The problem
Instruction for the entries below: return the part that opens with the line containing "这里其实是来自于一个叫做「Bored Ape Yacht Club」。" and closes with the line containing "Enjoy great family", exactly, and no pictures.

Data provided
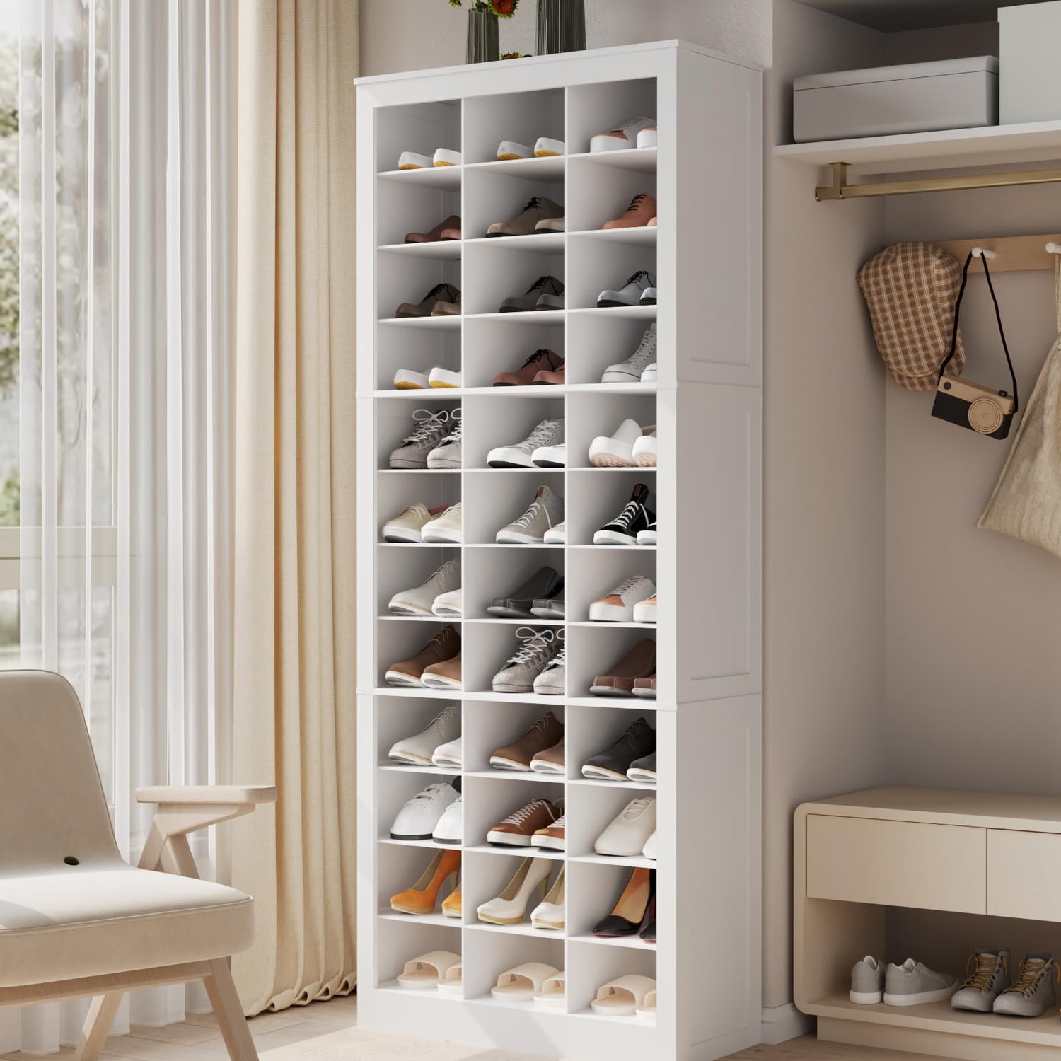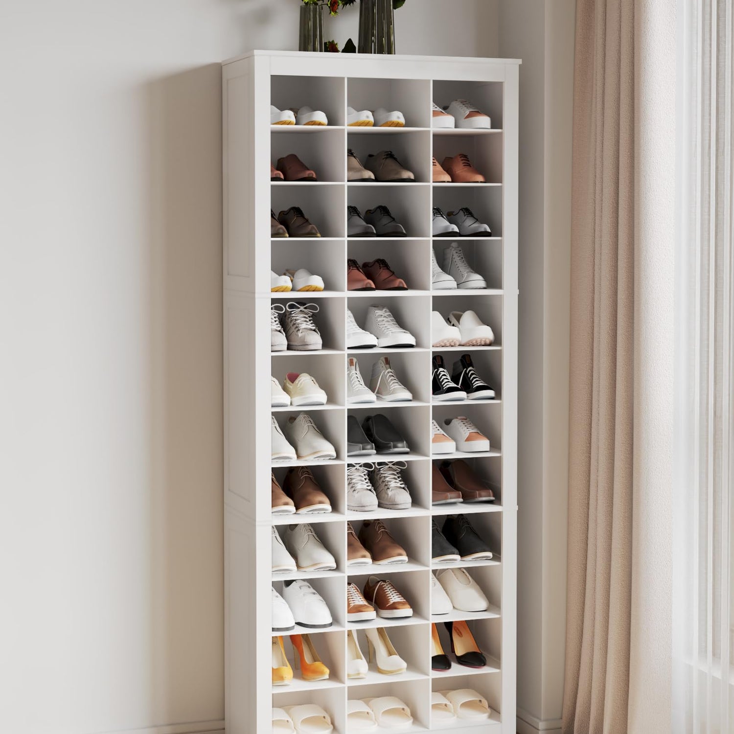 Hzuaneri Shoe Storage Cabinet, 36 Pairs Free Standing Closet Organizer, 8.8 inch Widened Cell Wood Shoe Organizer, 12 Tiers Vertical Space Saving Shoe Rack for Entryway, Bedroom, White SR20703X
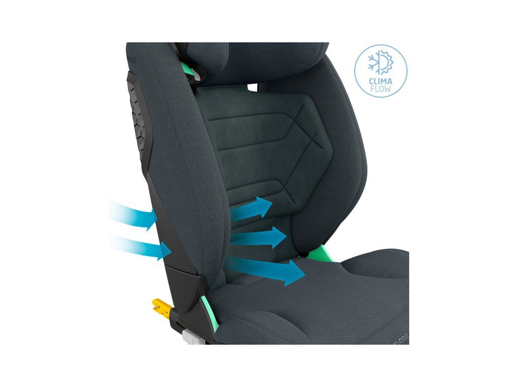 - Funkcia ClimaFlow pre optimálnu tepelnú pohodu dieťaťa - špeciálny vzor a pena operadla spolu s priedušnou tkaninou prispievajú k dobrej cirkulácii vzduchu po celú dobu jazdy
--
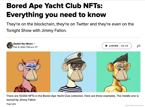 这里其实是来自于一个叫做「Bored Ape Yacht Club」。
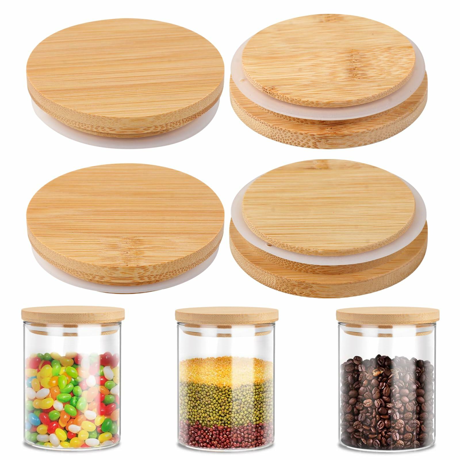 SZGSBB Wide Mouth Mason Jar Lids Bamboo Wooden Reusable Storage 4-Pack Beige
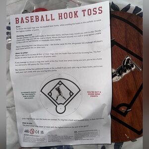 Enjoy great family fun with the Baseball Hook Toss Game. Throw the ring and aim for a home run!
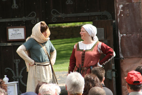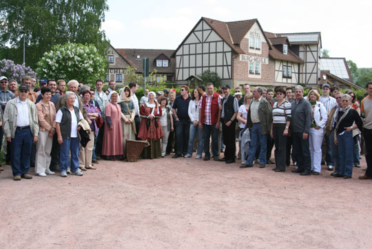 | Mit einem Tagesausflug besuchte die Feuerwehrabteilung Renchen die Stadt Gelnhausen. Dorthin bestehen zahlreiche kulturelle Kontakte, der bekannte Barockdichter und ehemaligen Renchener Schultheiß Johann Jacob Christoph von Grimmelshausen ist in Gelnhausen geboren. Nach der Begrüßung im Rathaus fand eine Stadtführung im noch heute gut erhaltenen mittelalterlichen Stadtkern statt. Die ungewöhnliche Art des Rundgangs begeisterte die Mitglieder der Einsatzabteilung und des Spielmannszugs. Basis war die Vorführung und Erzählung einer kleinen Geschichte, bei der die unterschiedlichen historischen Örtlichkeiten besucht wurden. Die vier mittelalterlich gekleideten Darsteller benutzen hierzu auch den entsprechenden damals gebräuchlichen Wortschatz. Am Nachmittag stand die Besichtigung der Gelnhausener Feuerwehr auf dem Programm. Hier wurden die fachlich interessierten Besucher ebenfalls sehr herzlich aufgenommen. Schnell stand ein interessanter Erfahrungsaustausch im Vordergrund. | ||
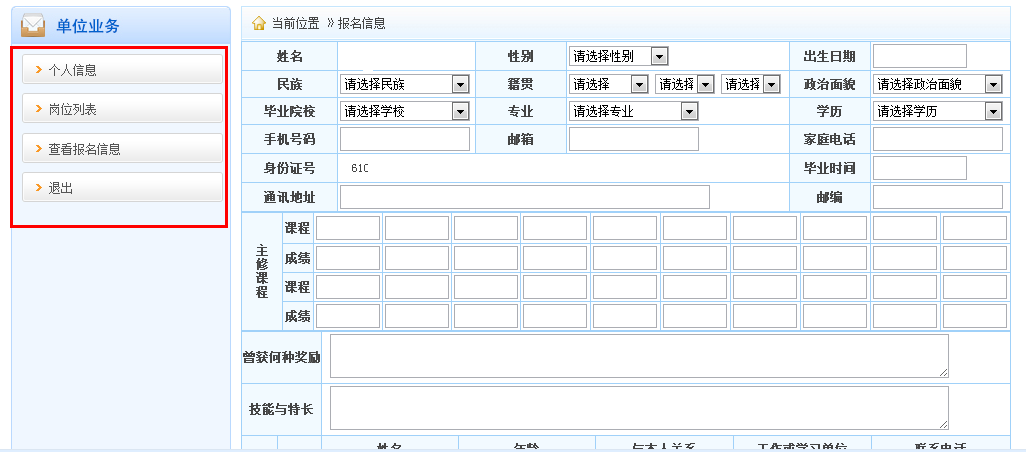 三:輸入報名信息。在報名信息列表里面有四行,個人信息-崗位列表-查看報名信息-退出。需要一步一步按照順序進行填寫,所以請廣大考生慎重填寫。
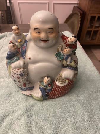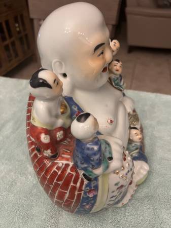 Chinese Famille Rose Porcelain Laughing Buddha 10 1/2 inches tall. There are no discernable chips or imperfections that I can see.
==
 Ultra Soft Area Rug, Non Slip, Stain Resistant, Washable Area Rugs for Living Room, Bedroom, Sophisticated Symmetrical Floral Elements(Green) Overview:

Solution
 这里其实是来自于一个叫做「Bored Ape Yacht Club」。
 SZGSBB Wide Mouth Mason Jar Lids Bamboo Wooden Reusable Storage 4-Pack Beige
 Enjoy great family fun with the Baseball Hook Toss Game. Throw the ring and aim for a home run!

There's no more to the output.